In the entries below, find the line with "Iluminação baixa, paredes" and the line with "抽檢數(shù)據(jù)顯", then retype both and everything between them exactly. Do not copy the pictures.

#### The records:
-=-=-=-=-

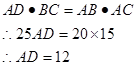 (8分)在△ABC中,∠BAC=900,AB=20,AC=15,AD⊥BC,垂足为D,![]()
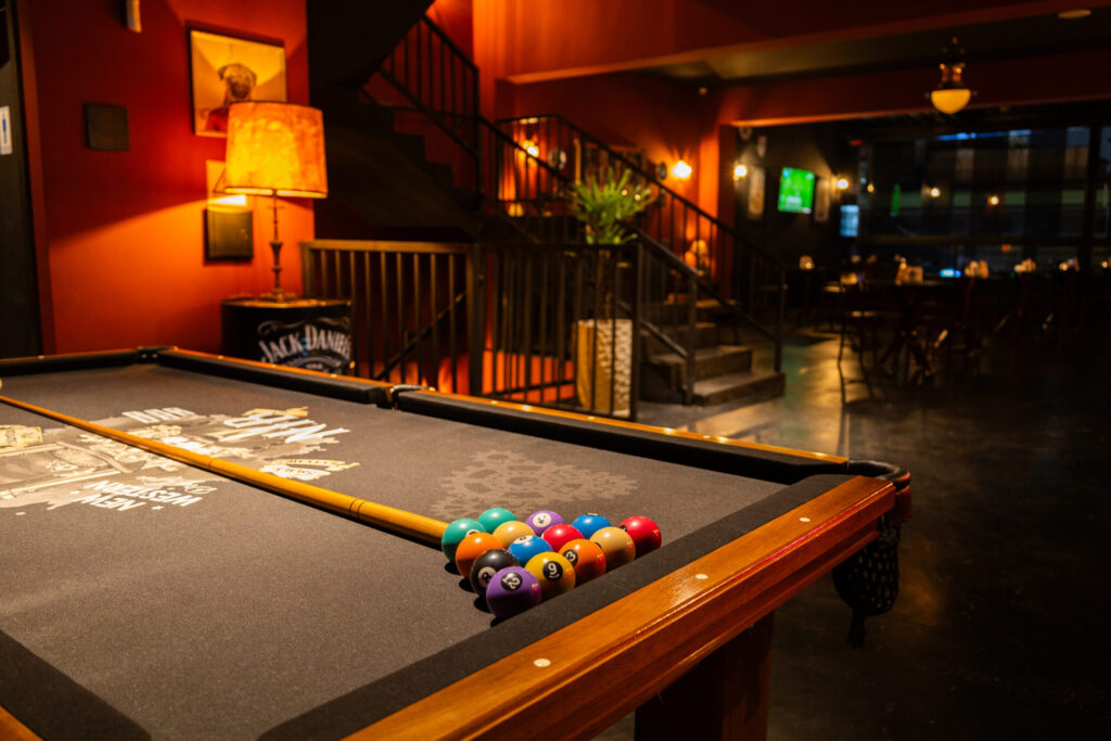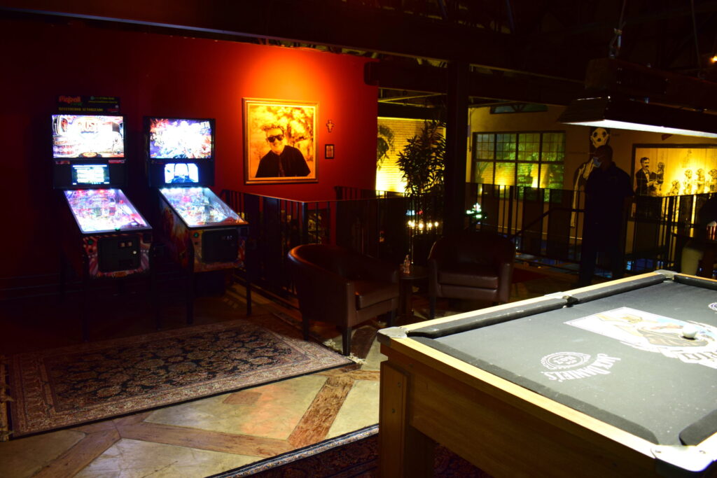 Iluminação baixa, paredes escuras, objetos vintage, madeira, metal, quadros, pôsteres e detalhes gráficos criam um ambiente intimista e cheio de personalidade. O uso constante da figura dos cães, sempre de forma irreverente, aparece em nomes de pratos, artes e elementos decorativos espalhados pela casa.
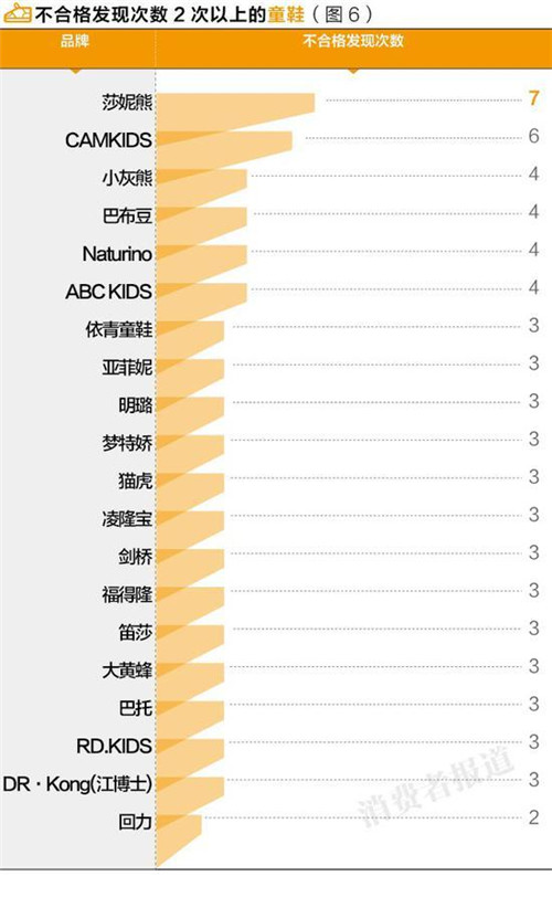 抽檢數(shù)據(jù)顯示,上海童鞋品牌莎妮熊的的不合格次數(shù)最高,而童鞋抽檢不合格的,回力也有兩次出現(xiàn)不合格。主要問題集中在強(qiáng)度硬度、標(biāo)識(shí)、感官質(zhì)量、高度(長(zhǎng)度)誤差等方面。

-=-=-=-=-

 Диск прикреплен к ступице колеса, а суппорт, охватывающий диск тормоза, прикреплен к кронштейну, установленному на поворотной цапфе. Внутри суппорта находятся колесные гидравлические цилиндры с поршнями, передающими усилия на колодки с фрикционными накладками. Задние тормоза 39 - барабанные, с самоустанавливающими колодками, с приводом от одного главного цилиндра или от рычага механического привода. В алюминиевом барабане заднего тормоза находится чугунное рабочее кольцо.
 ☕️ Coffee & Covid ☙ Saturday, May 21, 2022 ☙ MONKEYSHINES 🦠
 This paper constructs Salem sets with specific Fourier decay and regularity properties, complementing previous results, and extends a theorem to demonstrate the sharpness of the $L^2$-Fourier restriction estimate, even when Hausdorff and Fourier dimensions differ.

-=-=-=-=-

#### Final answer:
 Iluminação baixa, paredes escuras, objetos vintage, madeira, metal, quadros, pôsteres e detalhes gráficos criam um ambiente intimista e cheio de personalidade. O uso constante da figura dos cães, sempre de forma irreverente, aparece em nomes de pratos, artes e elementos decorativos espalhados pela casa.
 抽檢數(shù)據(jù)顯示,上海童鞋品牌莎妮熊的的不合格次數(shù)最高,而童鞋抽檢不合格的,回力也有兩次出現(xiàn)不合格。主要問題集中在強(qiáng)度硬度、標(biāo)識(shí)、感官質(zhì)量、高度(長(zhǎng)度)誤差等方面。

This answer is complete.